- _Problem details_
An exact reproduction of the data below is expected, free of images.

- _Data shown_
════════════════════
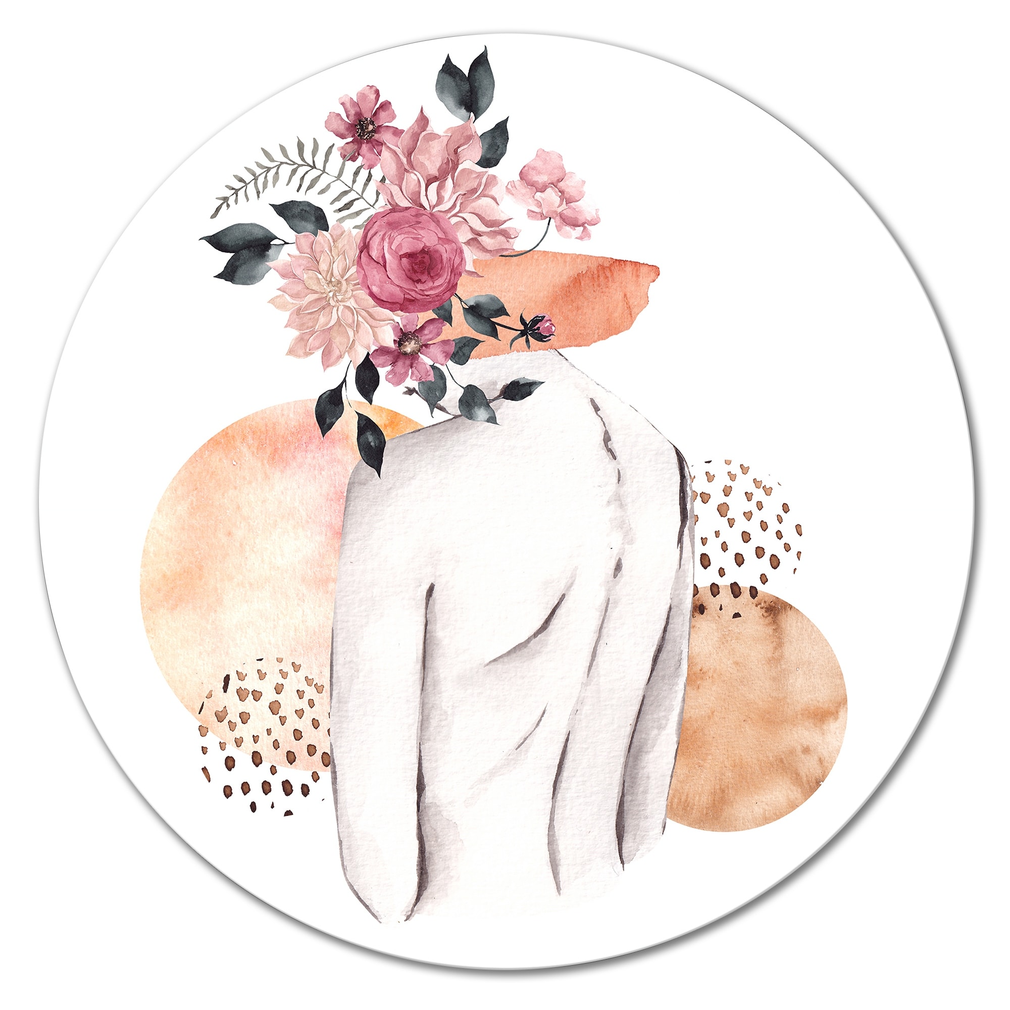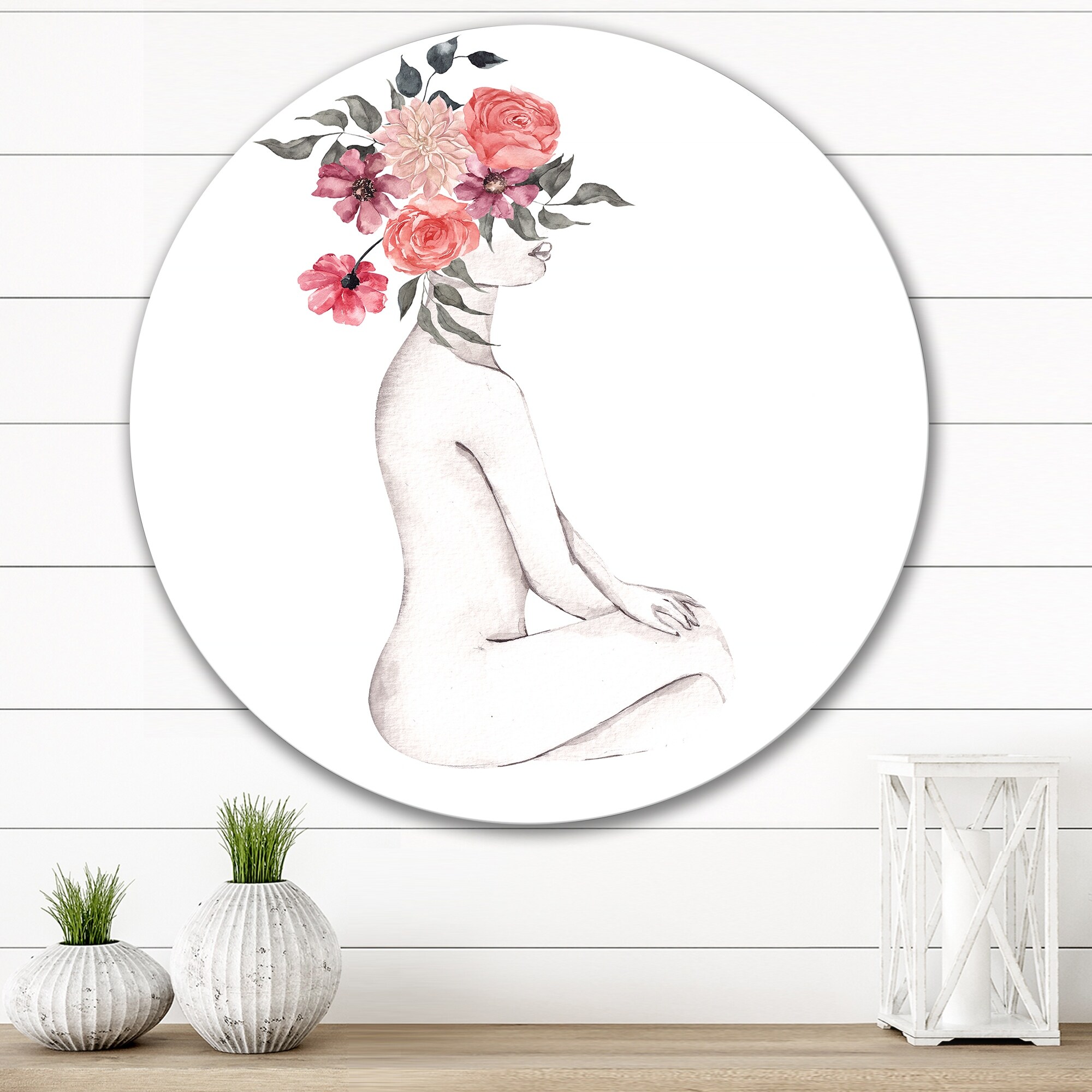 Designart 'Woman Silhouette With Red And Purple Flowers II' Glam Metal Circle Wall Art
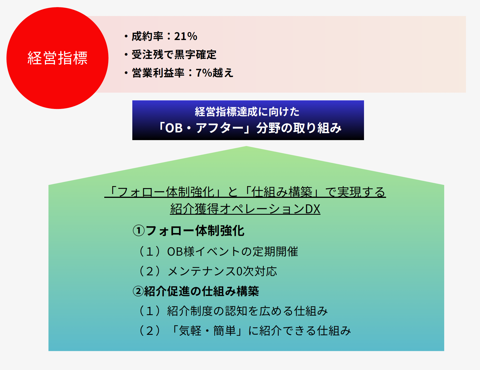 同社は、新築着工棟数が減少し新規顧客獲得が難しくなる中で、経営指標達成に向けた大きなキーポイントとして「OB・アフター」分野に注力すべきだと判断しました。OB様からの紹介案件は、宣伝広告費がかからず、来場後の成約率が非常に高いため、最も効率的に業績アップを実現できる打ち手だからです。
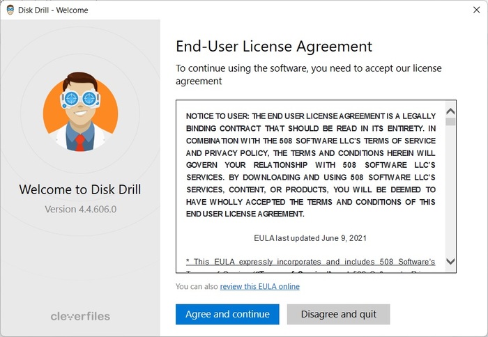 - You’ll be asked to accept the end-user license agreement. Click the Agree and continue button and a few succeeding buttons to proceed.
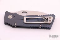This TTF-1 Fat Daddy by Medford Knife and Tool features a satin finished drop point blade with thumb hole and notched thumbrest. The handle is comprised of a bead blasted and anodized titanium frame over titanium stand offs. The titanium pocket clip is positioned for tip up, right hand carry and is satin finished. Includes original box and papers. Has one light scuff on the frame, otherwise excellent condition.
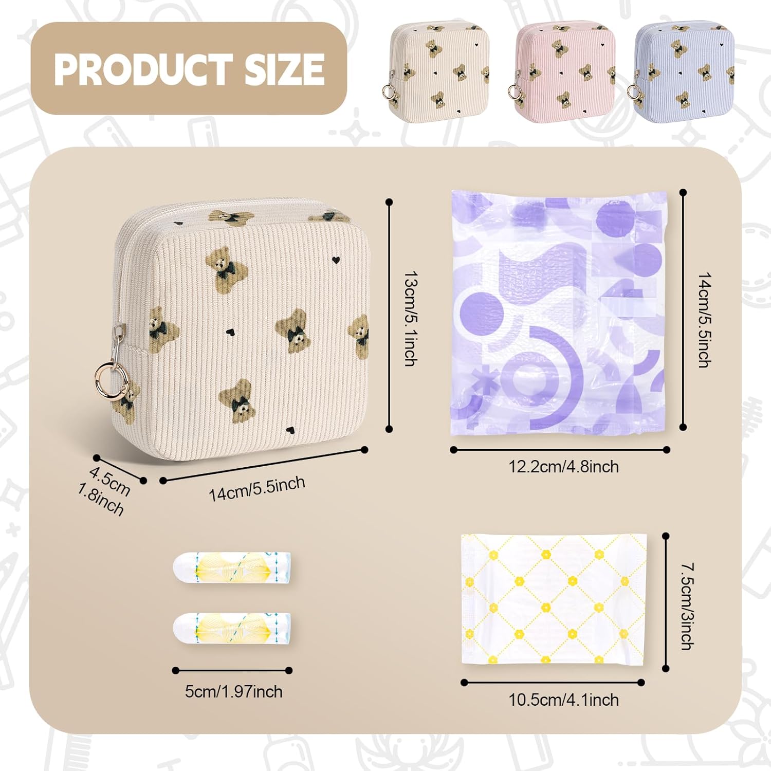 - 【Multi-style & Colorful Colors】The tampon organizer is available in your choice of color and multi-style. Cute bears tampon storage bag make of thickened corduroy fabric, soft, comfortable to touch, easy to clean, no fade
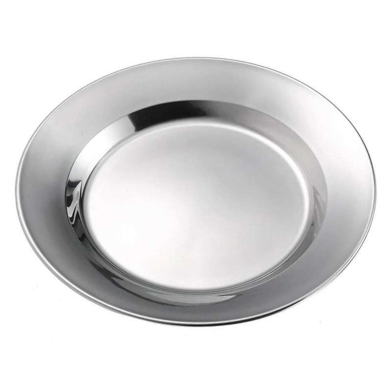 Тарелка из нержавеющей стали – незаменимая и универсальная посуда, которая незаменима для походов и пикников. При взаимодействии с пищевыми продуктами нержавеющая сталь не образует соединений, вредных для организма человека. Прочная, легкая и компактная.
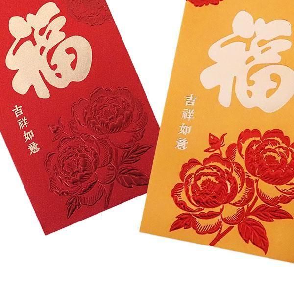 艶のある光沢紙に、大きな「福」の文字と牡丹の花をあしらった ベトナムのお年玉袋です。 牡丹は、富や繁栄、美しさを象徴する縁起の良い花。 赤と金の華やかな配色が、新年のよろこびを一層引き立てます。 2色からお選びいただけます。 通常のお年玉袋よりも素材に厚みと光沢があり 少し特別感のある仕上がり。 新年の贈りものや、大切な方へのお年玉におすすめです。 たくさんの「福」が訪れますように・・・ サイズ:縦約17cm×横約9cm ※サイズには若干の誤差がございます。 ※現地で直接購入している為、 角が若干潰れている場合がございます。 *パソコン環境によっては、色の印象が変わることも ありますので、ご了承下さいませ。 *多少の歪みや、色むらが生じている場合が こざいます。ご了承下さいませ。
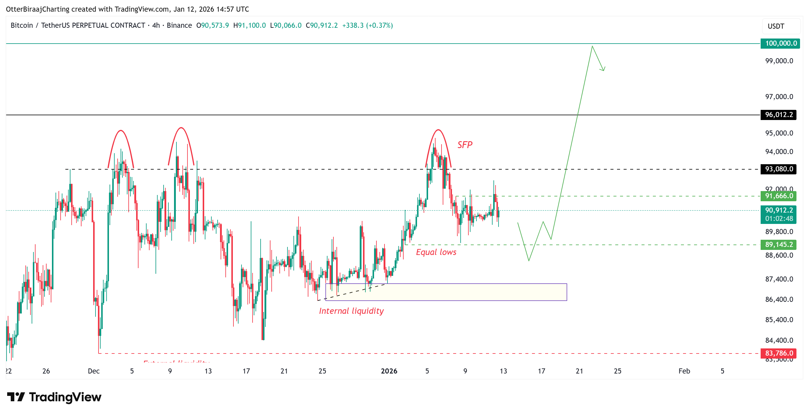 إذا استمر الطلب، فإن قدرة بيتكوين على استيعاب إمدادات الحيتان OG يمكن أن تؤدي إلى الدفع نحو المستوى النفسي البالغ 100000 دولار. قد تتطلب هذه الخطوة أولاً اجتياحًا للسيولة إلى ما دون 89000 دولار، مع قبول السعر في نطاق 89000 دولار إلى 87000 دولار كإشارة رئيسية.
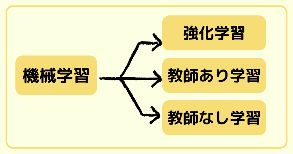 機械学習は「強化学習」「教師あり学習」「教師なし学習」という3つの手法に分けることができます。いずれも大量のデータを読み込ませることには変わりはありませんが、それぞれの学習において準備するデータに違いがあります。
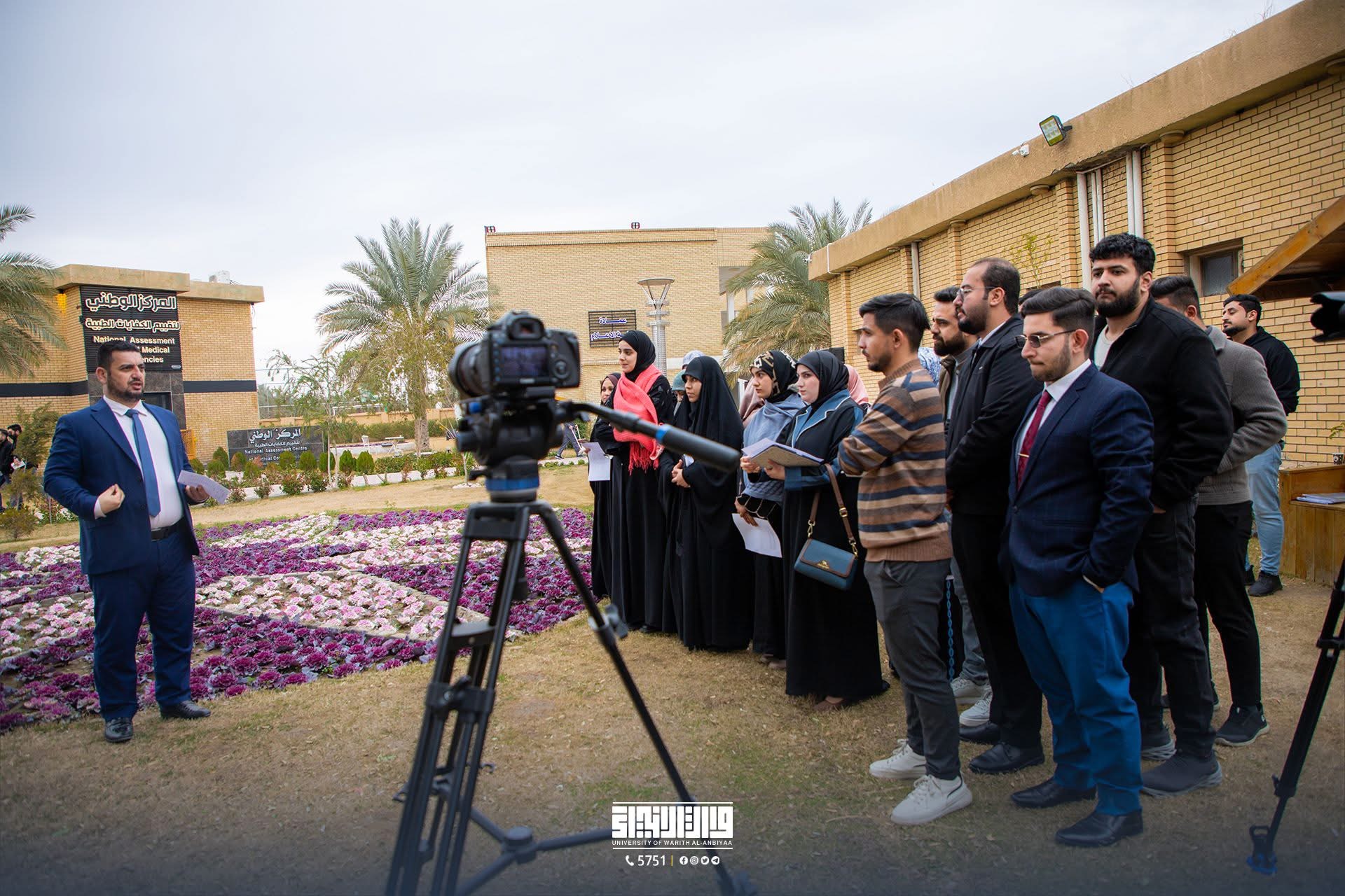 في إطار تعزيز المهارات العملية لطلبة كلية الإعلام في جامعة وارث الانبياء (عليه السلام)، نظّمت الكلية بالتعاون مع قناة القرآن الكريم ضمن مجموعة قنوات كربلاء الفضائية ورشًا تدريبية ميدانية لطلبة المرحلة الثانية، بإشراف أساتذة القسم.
════════════════════
- _Written response_
 Designart 'Woman Silhouette With Red And Purple Flowers II' Glam Metal Circle Wall Art
 同社は、新築着工棟数が減少し新規顧客獲得が難しくなる中で、経営指標達成に向けた大きなキーポイントとして「OB・アフター」分野に注力すべきだと判断しました。OB様からの紹介案件は、宣伝広告費がかからず、来場後の成約率が非常に高いため、最も効率的に業績アップを実現できる打ち手だからです。
 - You’ll be asked to accept the end-user license agreement. Click the Agree and continue button and a few succeeding buttons to proceed.
This TTF-1 Fat Daddy by Medford Knife and Tool features a satin finished drop point blade with thumb hole and notched thumbrest. The handle is comprised of a bead blasted and anodized titanium frame over titanium stand offs. The titanium pocket clip is positioned for tip up, right hand carry and is satin finished. Includes original box and papers. Has one light scuff on the frame, otherwise excellent condition.
 - 【Multi-style & Colorful Colors】The tampon organizer is available in your choice of color and multi-style. Cute bears tampon storage bag make of thickened corduroy fabric, soft, comfortable to touch, easy to clean, no fade
 Тарелка из нержавеющей стали – незаменимая и универсальная посуда, которая незаменима для походов и пикников. При взаимодействии с пищевыми продуктами нержавеющая сталь не образует соединений, вредных для организма человека. Прочная, легкая и компактная.
 艶のある光沢紙に、大きな「福」の文字と牡丹の花をあしらった ベトナムのお年玉袋です。 牡丹は、富や繁栄、美しさを象徴する縁起の良い花。 赤と金の華やかな配色が、新年のよろこびを一層引き立てます。 2色からお選びいただけます。 通常のお年玉袋よりも素材に厚みと光沢があり 少し特別感のある仕上がり。 新年の贈りものや、大切な方へのお年玉におすすめです。 たくさんの「福」が訪れますように・・・ サイズ:縦約17cm×横約9cm ※サイズには若干の誤差がございます。 ※現地で直接購入している為、 角が若干潰れている場合がございます。 *パソコン環境によっては、色の印象が変わることも ありますので、ご了承下さいませ。 *多少の歪みや、色むらが生じている場合が こざいます。ご了承下さいませ。
 إذا استمر الطلب، فإن قدرة بيتكوين على استيعاب إمدادات الحيتان OG يمكن أن تؤدي إلى الدفع نحو المستوى النفسي البالغ 100000 دولار. قد تتطلب هذه الخطوة أولاً اجتياحًا للسيولة إلى ما دون 89000 دولار، مع قبول السعر في نطاق 89000 دولار إلى 87000 دولار كإشارة رئيسية.
 機械学習は「強化学習」「教師あり学習」「教師なし学習」という3つの手法に分けることができます。いずれも大量のデータを読み込ませることには変わりはありませんが、それぞれの学習において準備するデータに違いがあります。
 في إطار تعزيز المهارات العملية لطلبة كلية الإعلام في جامعة وارث الانبياء (عليه السلام)، نظّمت الكلية بالتعاون مع قناة القرآن الكريم ضمن مجموعة قنوات كربلاء الفضائية ورشًا تدريبية ميدانية لطلبة المرحلة الثانية، بإشراف أساتذة القسم.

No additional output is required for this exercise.